Reproduce every record verbatim but drop the pictures.

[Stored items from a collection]
□ □ □ □ □ □ □
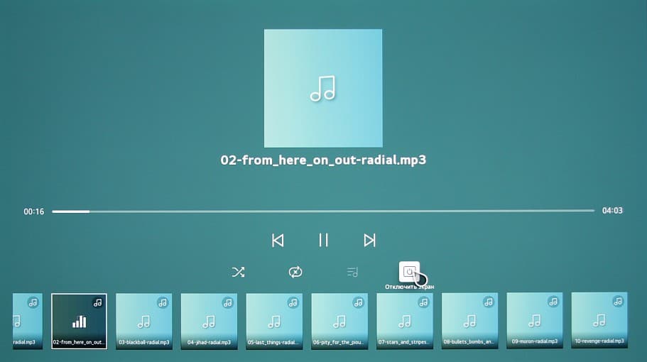В случае аудиофайлов поддерживаются множество распространенных и не очень форматов, как минимум AAC, MP3, OGG, WMA (в т. ч. lossless и 24 бит), M4A, WAV и FLAC (расширение должно быть именно FLAC). Поддерживаются тэги как минимум в MP3 и OGG, картинки-обложки в MP3 и тексты песен в тех же MP3. Экран ТВ можно отключить на время воспроизведения аудиофайлов.
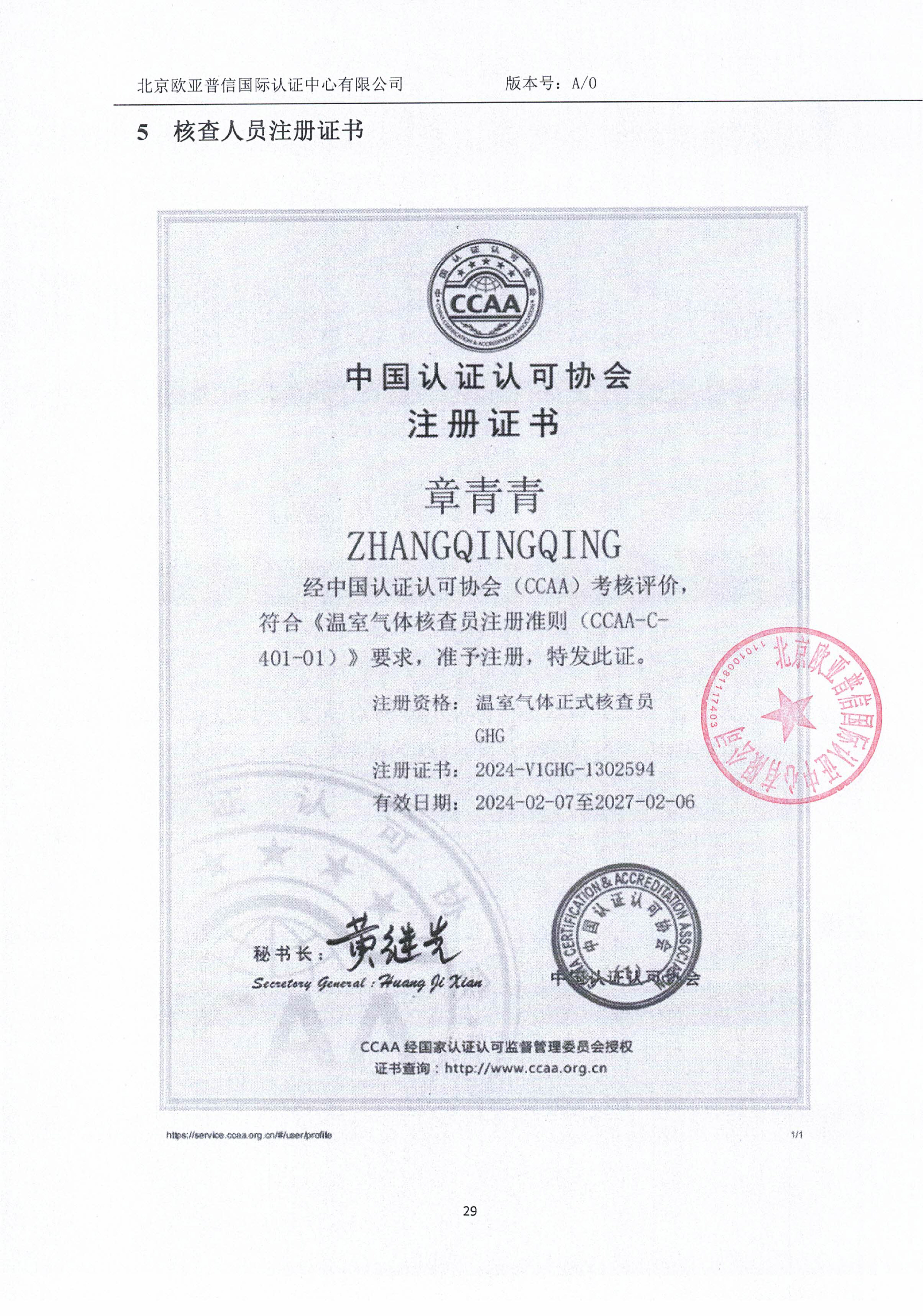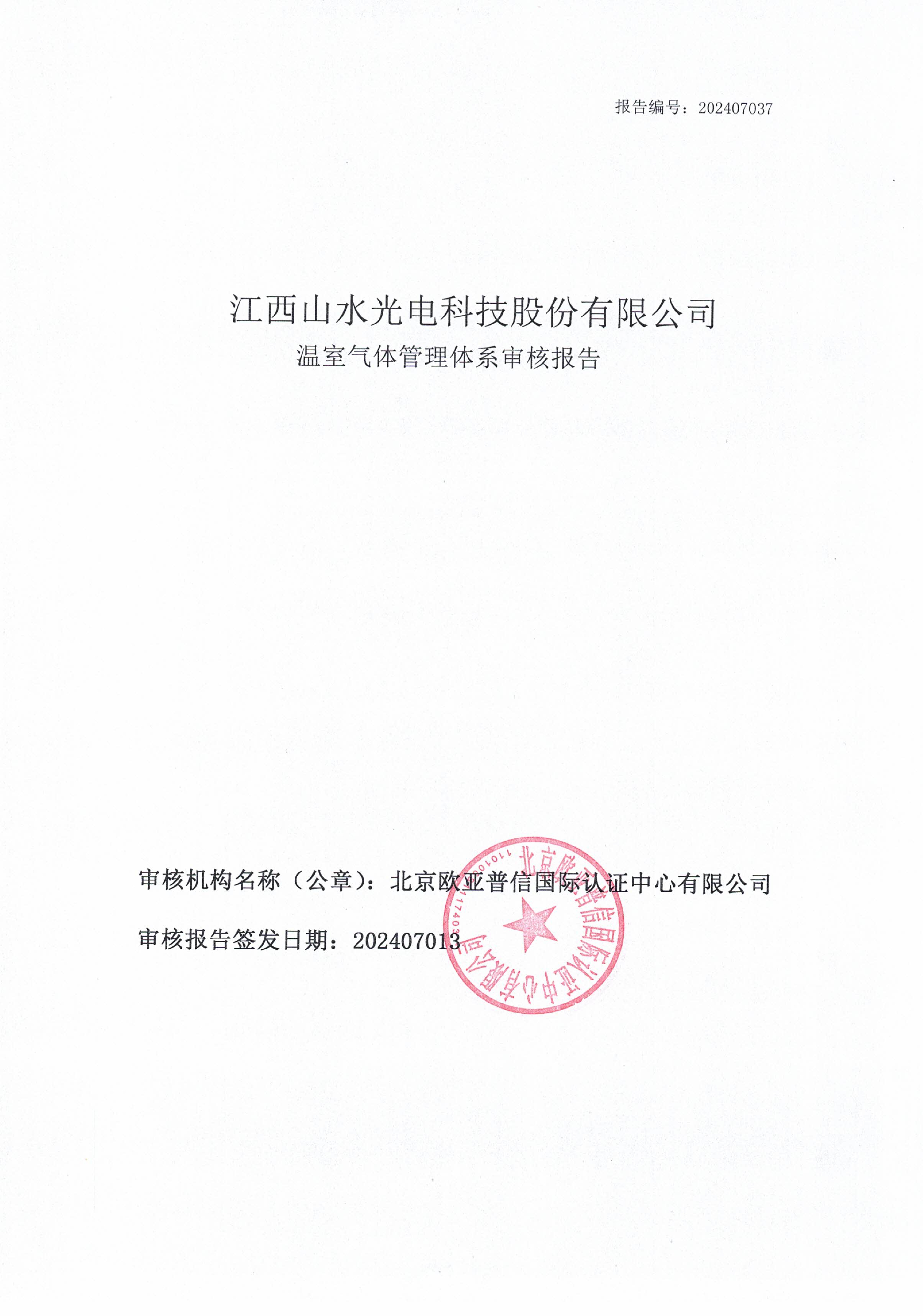 江西山水光电科技股份有限公司2023年度温室气体已通过北京欧亚普信国际认证中心核查并认证,相关证书和报告如下:
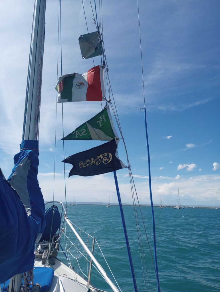 This is a bit of a feedback loop, but upon discovering their generous words, I raised their colors. Sampaguita sits at anchor in a windy and choppy La Paz anchorage. Her Mexican flag is showing the tatters of time, prone to flogging on the stays, part of being a small boat. The lowest flag is a Flicka flag displaying the filigree which helps define the breed.
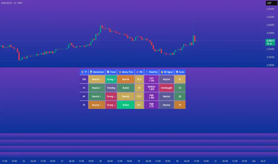 This is an advanced multi-timeframe technical analysis dashboard designed specifically for cryptocurrency trading. Unlike basic indicators, this script combines 8 essential metrics into a single visual table, providing a 360º market overview across 4 simultaneous timeframes.
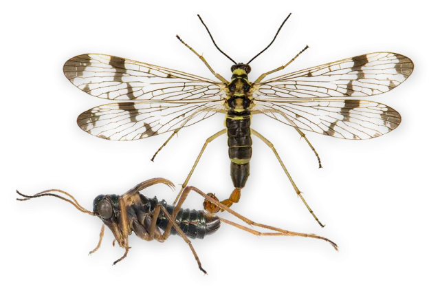 Skorpionfluene har fått sitt navn etter hannens karakteristiske, skorpionhaleliknende paringsorgan.
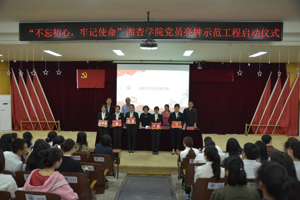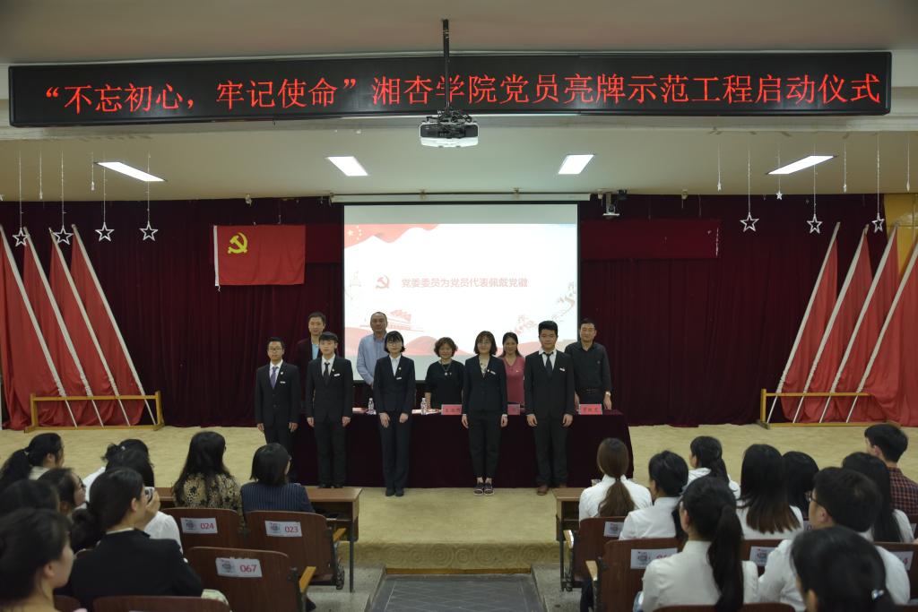 为贯彻落实党的十九大精神,进一步增强党组织的向心力和凝聚力,充分发挥党员的先锋模范作用,树立合格党员形象,全面促进学院校风、学风和工作作风建设。4月4日,beat365英国官方网站在东塘校区学术报告厅举行“不忘初心、牢记使命”党员亮牌示范工程启动仪式,学院全体党员同志及入党积极分子代表参加了活动。本次活动由beat365英国官方网站院长谢辉主持。
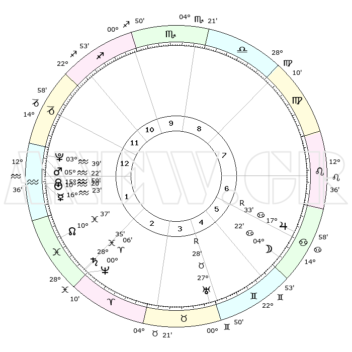 | | ΘΕΣΕΙΣ ΠΛΑΝΗΤΩΝ ΑΣΤΡΟΛΟΓΙΚΟΥ ΧΑΡΤΗ ΤΗΣ ΣΤΙΓΜΗΣ ΑΥΤΗΣ | | | | Πλανήτης | Ζώδιο | Μοίρες | Δεκαήμ. | Σε οίκο | Απόκλιση | | Ακμές των οίκων | | Ηλιος | Υδροχόος | 10°17' | Δεύτερο | 1 | 17 S 40 | | 1ος | 17°48' | Αιγόκερως | | Σελήνη | Καρκίνος | 03°31' | Πρώτο | 6 | 28 N 08 | | 2ος | 29°25' | Υδροχόος | | Ερμής | Υδροχόος | 16°17' | Δεύτερο | 1 | 17 S 50 | | 3ος | 09°21' | Κριός | | Αφροδίτη | Υδροχόος | 15°54' | Δεύτερο | 1 | 17 S 20 | | 4ος | 10°02' | Ταύρος | | Αρης | Υδροχόος | 05°19' | Πρώτο | 1 | 19 S 56 | | 5ος | 03°55' | Δίδυμοι | | Δίας | Καρκίνος | 17°34'R | Δεύτερο | 6 | 22 N 35 | | 6ος | 25°08' | Δίδυμοι | | Κρόνος | Ιχθείς | 28°35' | Τρίτο | 2 | 02 S 34 | | 7ος | 17°48' | Καρκίνος | | Ουρανός | Ταύρος | 27°28'R | Τρίτο | 4 | 19 N 24 | | 8ος | 29°25' | Λέων | | Ποσειδώνας | Κριός | 00°06' | Πρώτο | 2 | 01 S 10 | | 9ος | 09°21' | Ζυγός | | Πλούτωνας | Υδροχόος | 03°39' | Πρώτο | 1 | 23 S 02 | | 10ος | 10°02' | Σκορπιός | | Β. Δεσμός | Ιχθείς | 10°37' | Δεύτερο | 2 | 07 S 35 | | 11ος | 03°56' | Τοξότης | | Ωροσκόπος | Αιγόκερως | 17°48' | Δεύτερο | | | 12ος | 25°08' | Τοξότης | | Μεσουράνημα | Σκορπιός | 10°02' | Δεύτερο | | | |
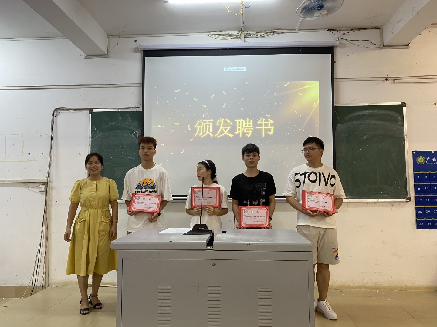 后勤管理中心黄桂芬老师为第三届后管会优秀干部颁发了聘书
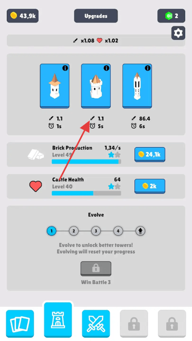 1、“塔樓升級”,在Upgrades界面,消耗金幣(43.9k),提升塔樓(傷害、攻速)與城堡血量。
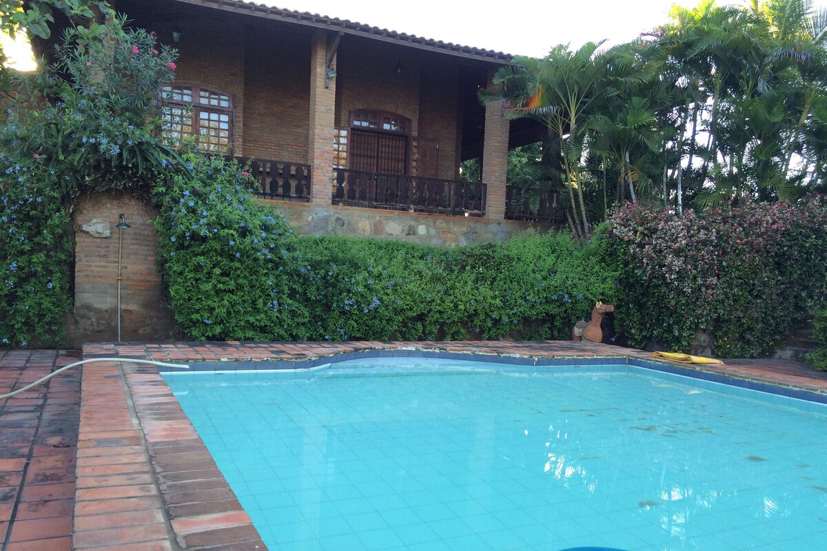 Venha buscar o ar puro da fazenda. Casa de Fazenda às margens da BR-232 em Gravatá/PE, casa com 1000 m2 de área, 07 quartos, sendo 5 com suítes, acomoda confortavelmente 27 pessoas, Piscina + apoio, Churrasqueira, fogão a lenha, quadra de vôley, campo de futebol de lareira, sala com 03 ambientes.
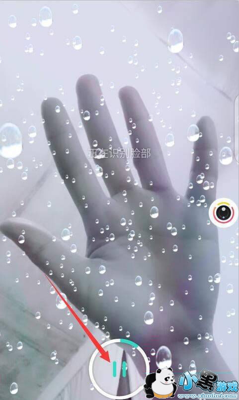 点击下方蓝色大圆按钮开始录制,把手掌撑开,屏幕对着手掌,识别到后雨丝就会变成水珠了,稍微晃动手掌,水珠就会跟着轻微摇动。
□ □ □ □ □ □ □
## Task solution
В случае аудиофайлов поддерживаются множество распространенных и не очень форматов, как минимум AAC, MP3, OGG, WMA (в т. ч. lossless и 24 бит), M4A, WAV и FLAC (расширение должно быть именно FLAC). Поддерживаются тэги как минимум в MP3 и OGG, картинки-обложки в MP3 и тексты песен в тех же MP3. Экран ТВ можно отключить на время воспроизведения аудиофайлов.
 江西山水光电科技股份有限公司2023年度温室气体已通过北京欧亚普信国际认证中心核查并认证,相关证书和报告如下:
 This is a bit of a feedback loop, but upon discovering their generous words, I raised their colors. Sampaguita sits at anchor in a windy and choppy La Paz anchorage. Her Mexican flag is showing the tatters of time, prone to flogging on the stays, part of being a small boat. The lowest flag is a Flicka flag displaying the filigree which helps define the breed.
 This is an advanced multi-timeframe technical analysis dashboard designed specifically for cryptocurrency trading. Unlike basic indicators, this script combines 8 essential metrics into a single visual table, providing a 360º market overview across 4 simultaneous timeframes.
 Skorpionfluene har fått sitt navn etter hannens karakteristiske, skorpionhaleliknende paringsorgan.
 为贯彻落实党的十九大精神,进一步增强党组织的向心力和凝聚力,充分发挥党员的先锋模范作用,树立合格党员形象,全面促进学院校风、学风和工作作风建设。4月4日,beat365英国官方网站在东塘校区学术报告厅举行“不忘初心、牢记使命”党员亮牌示范工程启动仪式,学院全体党员同志及入党积极分子代表参加了活动。本次活动由beat365英国官方网站院长谢辉主持。
 | | ΘΕΣΕΙΣ ΠΛΑΝΗΤΩΝ ΑΣΤΡΟΛΟΓΙΚΟΥ ΧΑΡΤΗ ΤΗΣ ΣΤΙΓΜΗΣ ΑΥΤΗΣ | | | | Πλανήτης | Ζώδιο | Μοίρες | Δεκαήμ. | Σε οίκο | Απόκλιση | | Ακμές των οίκων | | Ηλιος | Υδροχόος | 10°17' | Δεύτερο | 1 | 17 S 40 | | 1ος | 17°48' | Αιγόκερως | | Σελήνη | Καρκίνος | 03°31' | Πρώτο | 6 | 28 N 08 | | 2ος | 29°25' | Υδροχόος | | Ερμής | Υδροχόος | 16°17' | Δεύτερο | 1 | 17 S 50 | | 3ος | 09°21' | Κριός | | Αφροδίτη | Υδροχόος | 15°54' | Δεύτερο | 1 | 17 S 20 | | 4ος | 10°02' | Ταύρος | | Αρης | Υδροχόος | 05°19' | Πρώτο | 1 | 19 S 56 | | 5ος | 03°55' | Δίδυμοι | | Δίας | Καρκίνος | 17°34'R | Δεύτερο | 6 | 22 N 35 | | 6ος | 25°08' | Δίδυμοι | | Κρόνος | Ιχθείς | 28°35' | Τρίτο | 2 | 02 S 34 | | 7ος | 17°48' | Καρκίνος | | Ουρανός | Ταύρος | 27°28'R | Τρίτο | 4 | 19 N 24 | | 8ος | 29°25' | Λέων | | Ποσειδώνας | Κριός | 00°06' | Πρώτο | 2 | 01 S 10 | | 9ος | 09°21' | Ζυγός | | Πλούτωνας | Υδροχόος | 03°39' | Πρώτο | 1 | 23 S 02 | | 10ος | 10°02' | Σκορπιός | | Β. Δεσμός | Ιχθείς | 10°37' | Δεύτερο | 2 | 07 S 35 | | 11ος | 03°56' | Τοξότης | | Ωροσκόπος | Αιγόκερως | 17°48' | Δεύτερο | | | 12ος | 25°08' | Τοξότης | | Μεσουράνημα | Σκορπιός | 10°02' | Δεύτερο | | | |
 后勤管理中心黄桂芬老师为第三届后管会优秀干部颁发了聘书
 1、“塔樓升級”,在Upgrades界面,消耗金幣(43.9k),提升塔樓(傷害、攻速)與城堡血量。
 Venha buscar o ar puro da fazenda. Casa de Fazenda às margens da BR-232 em Gravatá/PE, casa com 1000 m2 de área, 07 quartos, sendo 5 com suítes, acomoda confortavelmente 27 pessoas, Piscina + apoio, Churrasqueira, fogão a lenha, quadra de vôley, campo de futebol de lareira, sala com 03 ambientes.
 点击下方蓝色大圆按钮开始录制,把手掌撑开,屏幕对着手掌,识别到后雨丝就会变成水珠了,稍微晃动手掌,水珠就会跟着轻微摇动。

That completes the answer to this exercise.